Rumours about Sony and Microsoft to kill used games receives mixed reaction
If rumours are to be believed, both Sony and Microsoft will be taking steps to secure the market of single-player games by controlling and eventually curbing the resale of games.
By blocking used games, the companies will be encouraging people to go and buy the titles on full price instead of acquiring them at cheaper rates through other channels, ones that do not deliver the profits that the company desired.
The former THQ president of core games Richard Browne expressed his support of such measures as mentioned in an editorial published on GamesIndustry International. Contending that the resale of games had a negative impact on the gaming industry as a whole,
he was totally in favour of blocking the owners from played used titles.
Browne went on to add that he would play an active role in encouraging Sony and Microsoft to take up what he referred to as the “Nuclear Option” for the sake of the industry’s future.
“Take a look at the most recent Ninja Gaiden game,” Browne said. “Why does that multiplayer mode exist? What effect did having to build it have on the single player experience? There is no reason for the multiplayer game to exist; it makes no sense in Ninja
Gaiden's universe. No doubt, the budget and resources for the team weren't massively extended when the request for multiplayer was added, so it absolutely must have materially impacted the people building the core game.”
Further elaborating on the detrimental effects of used game market, Browne pointed out that it discouraged the developers from releasing more titles and even compelling them to pull the plug on projects in some cases.

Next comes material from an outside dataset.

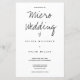 Une faire-part de mariage sur le document budgétaire pour un micro-mariage. Cette invitation en papier léger est faite en noir et blanc avec juste assez d'informations pour gagner la journée. Ajoutez simplement vos informations, ajoutez cet invitation à votre panier et profitez de votre petit mariage intime. (De plus, l'option papier satiné est très mince et le papier semi-brillant est suggéré.) (La collection inclut des versions de cette invitation sur des types de papier plus lourds, plus traditionnels) Micro Mariage Dusty Budget Papier Invitation Jour férié Conception | ©Melissa Patton designer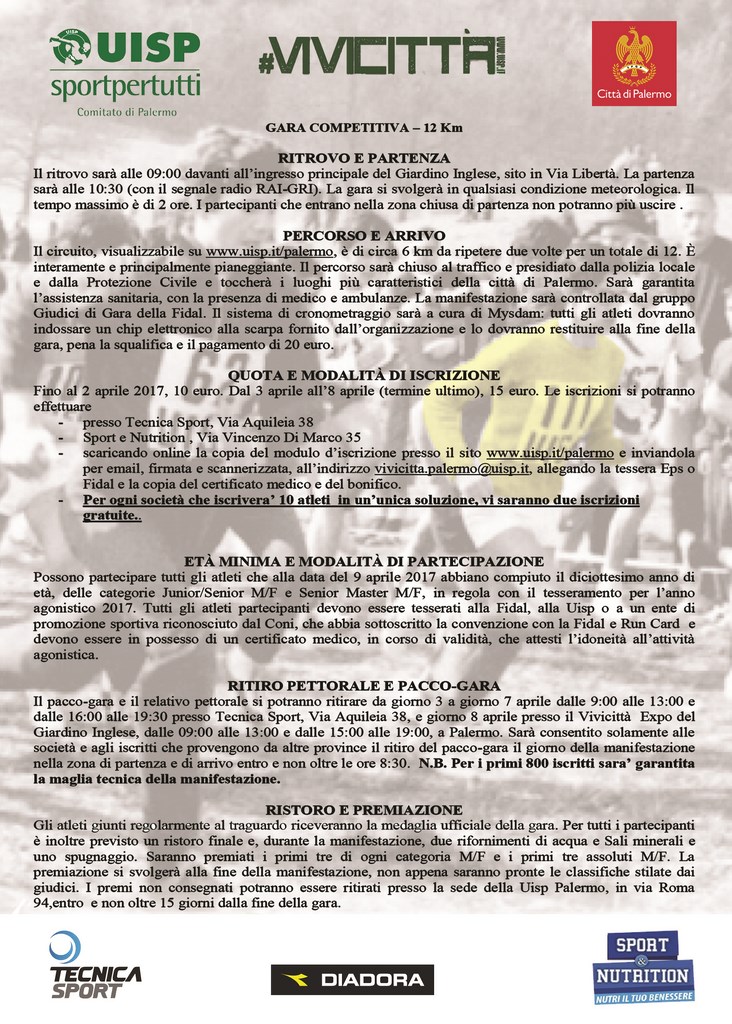 Maglia tecnica Diadora ai primi 800 iscritti e medaglia per tutti coloro che porteranno a termine la gara di 12 km. Quello di Palermo sarà il primo Vivicittà per Salvo Ferrante neo presidente provinciale della Uisp Palermo. Le conferme: accanto alla corsa agonistica ci sarà la non competitiva (tre i chilometri previsti) vero spettacolo di ogni Vivicittà. Coinvolti i giovani delle scuole palermitane che, per l’occasione, potranno essere accompagnati dai propri familiari.

The gamer community has not received this rumour well and responded by pointing out that the used market has been there for over two decades. However, that had hardly affected the industry, which went to show that it was not actually the second-hand games
but something else that was causing problems for the industry.
Some gamers contended that the there were a number of titles in the shelves that hardly justified the price that a person had to pay for them. It was this factor that pushed gamers from purchasing new titles and instead turn towards the used game market.